On His Royal Badness: The Life and Legacy of Prince’s Fashion
Casci Ritchie
Not only was Prince a musical genius and one of the greatest artists of all time, he was a fashion icon, a trailblazer devoted to the art of dressing. Lifelong fan and fashion historian Casci Ritchie assembles a greatest-hits compilation of the best pieces in Prince’s wardrobe—from ornate ear cuff down to bespoke heel—telling each garment’s incredible origin story and showing how his tastes disrupted hegemonic, heteronormative, and Black masculinities.
On His Royal Badness considers Prince as a visionary artist and fearless provocateur who revered fashion and self-expression, and whose sartorial brilliance continues to shape contemporary culture.
Unaffiliated with the Prince Estate.
All the Violet Tiaras: Queering the Greek Myths
Jean Menzies
Ancient Greece was rich with stories of queer love and genderfluid identity—but what can these ancient stories tell us about our contemporary world?
From explorations of gender and identity across millennia, to celebrating queer love in its many forms, All the Violet Tiaras carves a space for queer stories to be told with all the complexity and tenderness they deserve—and a goddess or two thrown in for good measure.
Happy Death Club: Death, Grief & Bereavement Across Cultures
Naomi Westerman
Anthropologist Naomi Westerman was studying death rituals around the world—when her whole family died.
Happy Death Club examines the many faces of death and grief in Westerman’s own life and in cultures around the world.
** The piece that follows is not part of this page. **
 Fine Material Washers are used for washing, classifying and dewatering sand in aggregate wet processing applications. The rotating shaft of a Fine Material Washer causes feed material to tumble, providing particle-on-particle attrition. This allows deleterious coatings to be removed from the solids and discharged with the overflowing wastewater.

From expensive coffins and unconventional burials to horror films and true crime, what does our treatment of death and dying have to tell us about how we live our lives? What makes a “good death”? And who owns our bodies before and after we die?
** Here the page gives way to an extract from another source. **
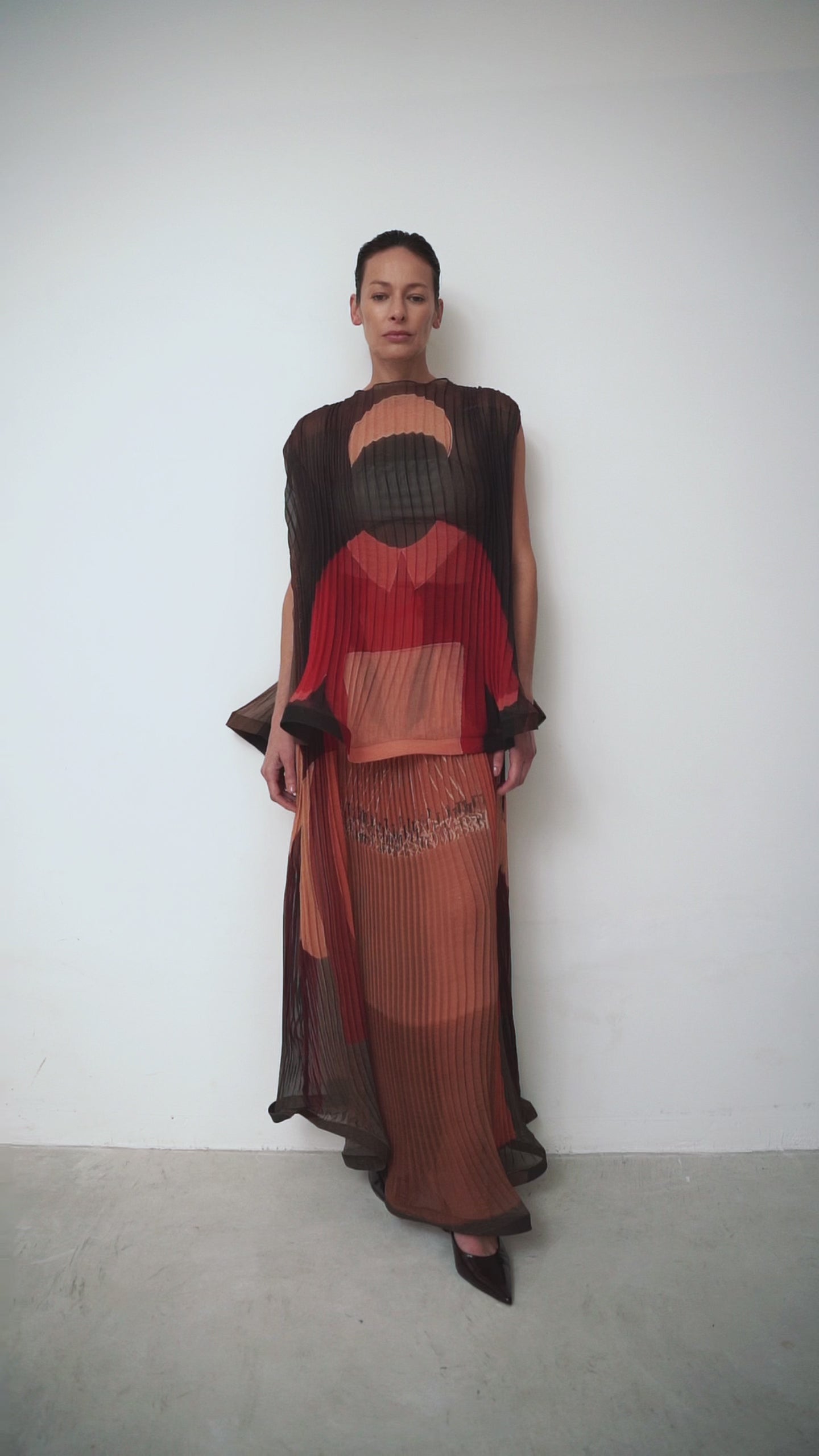 A Saia Pleats Tecelã é inspirada na obra homônima da artista Djanira da Motta e Silva. Confeccionada em georgette plissado, tecido leve, fluido e levemente transparente, o modelo apresenta silhueta ampla, com acabamento especial nas barras, que conferem um movimento ondulado. Com cintura ajustável por meio de vieses do próprio tecido que permitem amarração, a peça apresenta conforto e ajuste ao corpo. Acompanha forro saia de comprimento curto, em malha de poliamida em tom nude.

Solemates: A History of Our Fetish for Feet
Adam Zmith
Now available in audiobook!
Listen on Spotify and Audible.
Queer writer and podcaster Adam Zmith dips a toe into the cultural and sexual history of the foot fetish—taking readers from medieval poetry to Renaissance paintings, OnlyFans to Fellow Travelers. Enlightening, erotic, and refreshingly nonjudgmental, Solemates is the rich, messy tale of our obsession with everything below the ankle—and a fascinating expose into what our desires reveal about how we view our bodies and our sexuality.
BFFs: The Radical Potential of Female Friendship
Anahit Behrooz
BFFs shows us that friendships can be the most important, loving, expansive, and emancipatory relationships in our lives—all with the help of our favourite TV, movie, and book besties.
From the joys of shared coming-of-age stories and sisterhood, through the pain of break-ups and parting of ways, the vast significance and intensity of feeling within our friendships is explored through depictions in the work of Toni Morrison and Elena Ferrante, Booksmart and Grey’s Anatomy, Insecure, The Virgin Suicides and beyond.
Hair/Power: Essays on Control and Freedom
Kajal Odedra
Interspersing intimate anecdotes with intersectional commentary, Hair/Power dives into the origins and cultural significance of hair—considering buzz cuts, Mohawks, Afros and the natural hair movement, baldness, and more—exposing the roots of a beauty industry built on discrimination. Ultimately Odedra is able to find joy and strength in hair, and she shows us how hair can be a powerful tool for activism, community building, and bringing about our shared liberation.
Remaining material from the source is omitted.